McEnany repeated the claim on Monday and, despite Trump having deleted the tweet, said “his point in tweeting out that video was to stand with his supporters who are oftentimes demonised.”

The video, first tweeted from an anonymous account, showed a man driving a golf cart fitted with Trump paraphernalia and shouting the slogan during a verbal exchange with anti-Trump protesters. The Twitter user wrote that the altercation took place in The Villages, a community for seniors in Florida.

In his now-deleted retweet, Trump thanked the “great people of The Villages,” adding, “The Radical Left Do Nothing Democrats will Fall in the Fall.”

President Donald Trump shared a video from an anonymous Twitter user depicting one of his supporters shouting "white power."
HuffPost US
President Donald Trump shared a video from an anonymous Twitter user depicting one of his supporters shouting "white power."

Former Vice President Joe Biden, Trump’s presumptive opponent in the November election, was among many who noted the president’s use of the phrase “great people” in his Sunday tweet was similar to how he described white supremacists who held a deadly rally in Charlottesville, Virginia, in 2017.

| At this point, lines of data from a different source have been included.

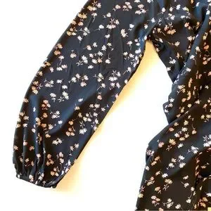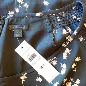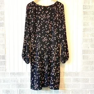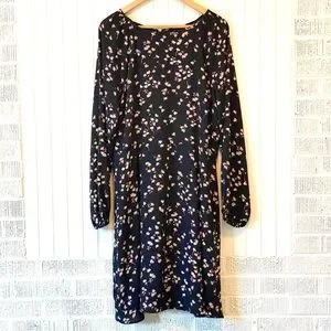 NWT Ann Taylor Black Floral Long Sleeve Boho Dress, Size 14T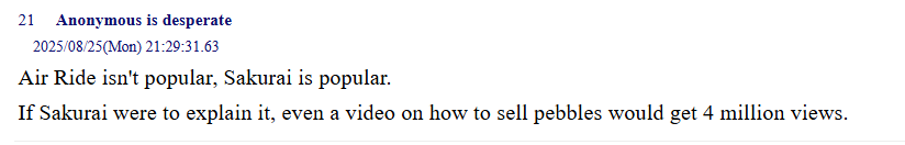 >>732147310>>732147576>>732147703In his defense, you don't need to love EVERY Nintendo franchise to be a Nintendo fan. You can like a few franchises and the overall spirit of the brand and still be a fan as a whole. To me, those videos work because he's clearly speaking from the perspective of a newbie, which many people are. Speaking for myself, I've only recently playing the Pikmin games 3 on Switch was my first and would consider myself a fan of the series. You don't need to born with Pikmin toy in hand to be a fan. My problem with him comes from his lack of research on more objective topics like finance and him trying to gage public sentiment through his limited audience. Just because #LowerThePrice was trending on Xitter doesn't mean Nintendo's going to have a bad 2026.also>Sonic thread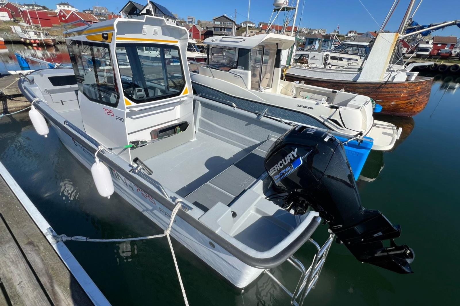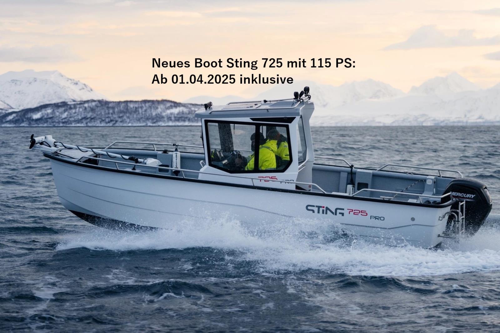 - Länge: 7,25 m, Breite: 2,6 m, Motor: Sea Pro Mercury 115 PS (Modell 2025).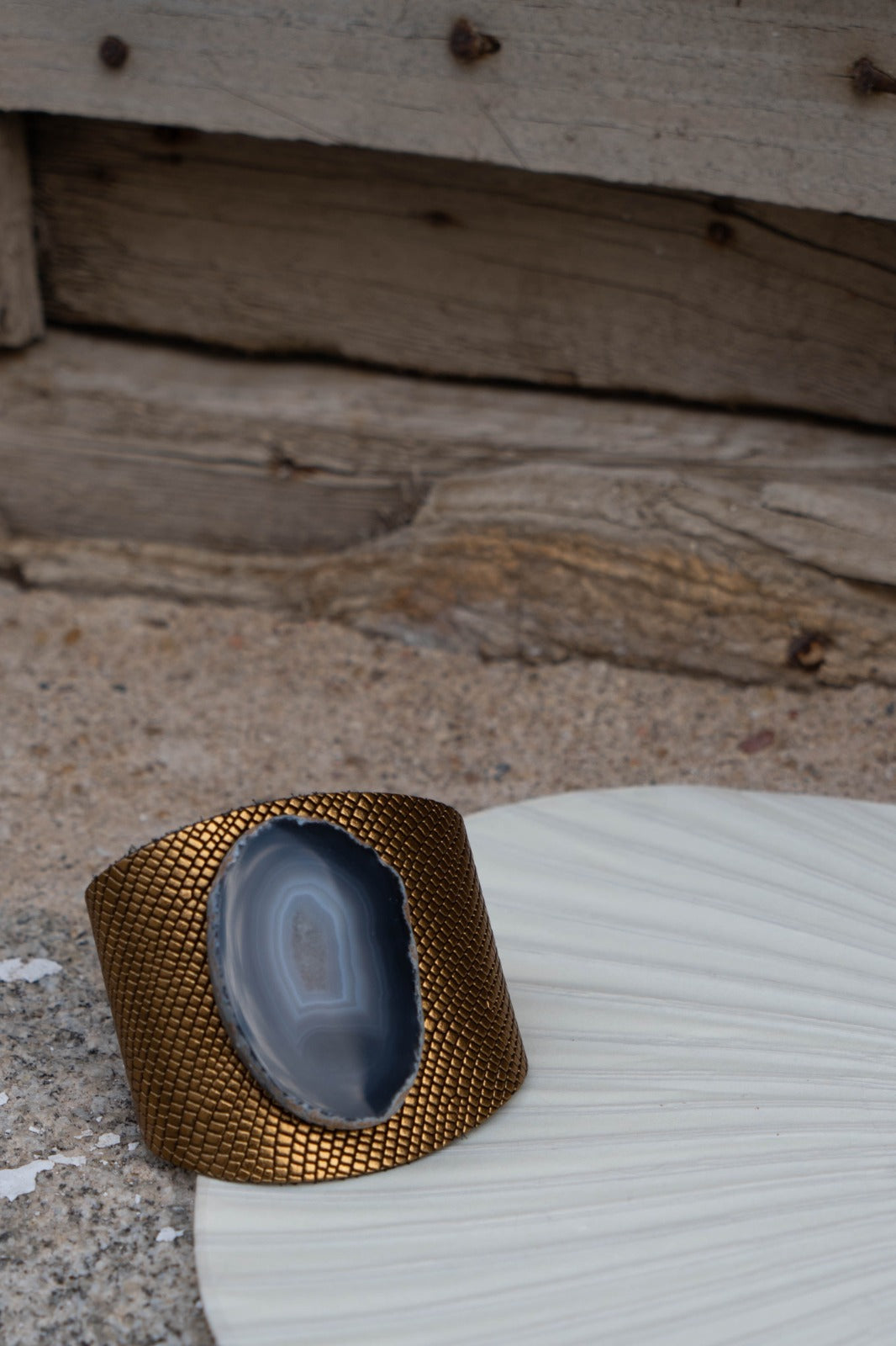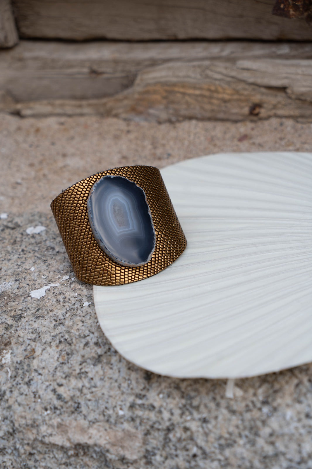 Pulseira, pulseira em couro, peça metálica gravada com pedra natural. Na cor dourada.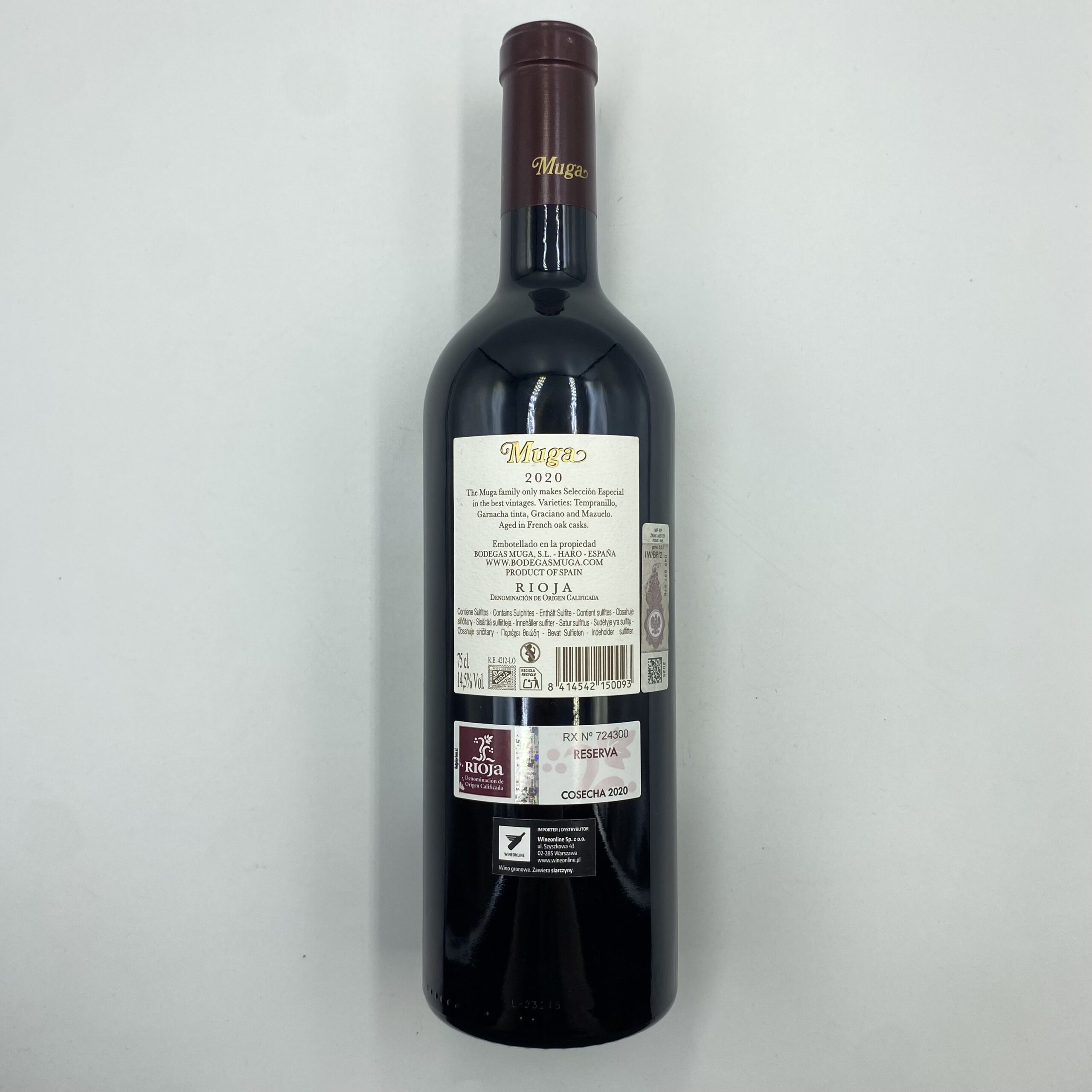 Muga Selección Especial Reserva 2020 to wytrawne czerwone wino z Hiszpanii, pochodzące z regionu Rioja, jednego z najbardziej renomowanych i historycznych regionów winiarskich kraju. Wino produkowane jest przez Bodegas Muga, rodzinny producent z długą tradycją, znany z klasycznego stylu Rioja opartego na starzeniu w dębowych beczkach i wysokiej jakości owocach. „Selección Especial Reserva” to wersja, która łączy wyraźną strukturę, elegancję i złożoność aromatyczną typową dla klasy Reserva, z wyraźnym wpływem dojrzewania w beczkach i w butelce.

Democrats weren’t the only ones who criticized Trump’s tweet on Sunday. South Carolina Sen. Tim Scott, the lone Black Republican in the Senate who is routinely tapped to sell the Trump administration’s policies to Black people, offered on Sunday what, for him, could be considered as forceful a condemnation as any.

“There is no question he should not have retweeted it and he should just take it down,” Scott told CNN in an interview.